Update: Fisherman seen selling sawfish bills

Narrowtooth sawfish ( Anoxypristis cuspidata) rostra for sale in a market in Mackay in north Queensland, Australia, in June 2016. Photo: The Guardian Australia
Narrowtooth sawfish ( Anoxypristis cuspidata) rostra for sale in a market in Mackay in north Queensland, Australia, in June 2016. Photo: The Guardian Australia

UPDATE: Queensland Police have said they are aware of the photo and assisted Fisheries with a search warrant on July 19.

"It was a Fisheries warrant that Police assisted but we don't have carriage on the ongoing investigation," Sergeant Nick Lindholm said.

An image on The Guardian Australia website this morning of a fisherman selling sawfish bills has sparked outrage in the Mackay region over the protection of the vulnerable species.

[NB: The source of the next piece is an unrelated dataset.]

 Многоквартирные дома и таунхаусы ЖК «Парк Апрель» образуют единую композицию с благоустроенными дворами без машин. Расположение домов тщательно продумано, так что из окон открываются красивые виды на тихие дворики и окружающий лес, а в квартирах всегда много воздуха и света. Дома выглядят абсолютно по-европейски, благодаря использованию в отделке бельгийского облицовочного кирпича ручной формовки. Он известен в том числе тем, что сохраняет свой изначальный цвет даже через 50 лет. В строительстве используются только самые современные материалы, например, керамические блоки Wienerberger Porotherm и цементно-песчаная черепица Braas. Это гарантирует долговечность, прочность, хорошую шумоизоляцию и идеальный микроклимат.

The photos appear to show seven rostrums on sale (the long, saw-like bill) for $10-$15.

The photos are said to have been taken in June this year at a local market.

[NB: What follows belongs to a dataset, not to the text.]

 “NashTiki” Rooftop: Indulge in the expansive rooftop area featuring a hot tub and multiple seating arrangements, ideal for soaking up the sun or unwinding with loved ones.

The rostrums are reportedly from the Narrowtooth sawfish, one of five species globally, all of which are listed as endangered and are illegal to catch under the Queensland Fisheries Regulation.

The sawfish native to the Mackay region have been known to grow up to 4.5 metres, but are now rarely found that size and are barely "hanging on" according to rare and elusive fish species expert from James Cook University, Dr Brendan Ebner.

"They face a number of threats including getting caught in gill nets and trawling nets and being killed by anglers.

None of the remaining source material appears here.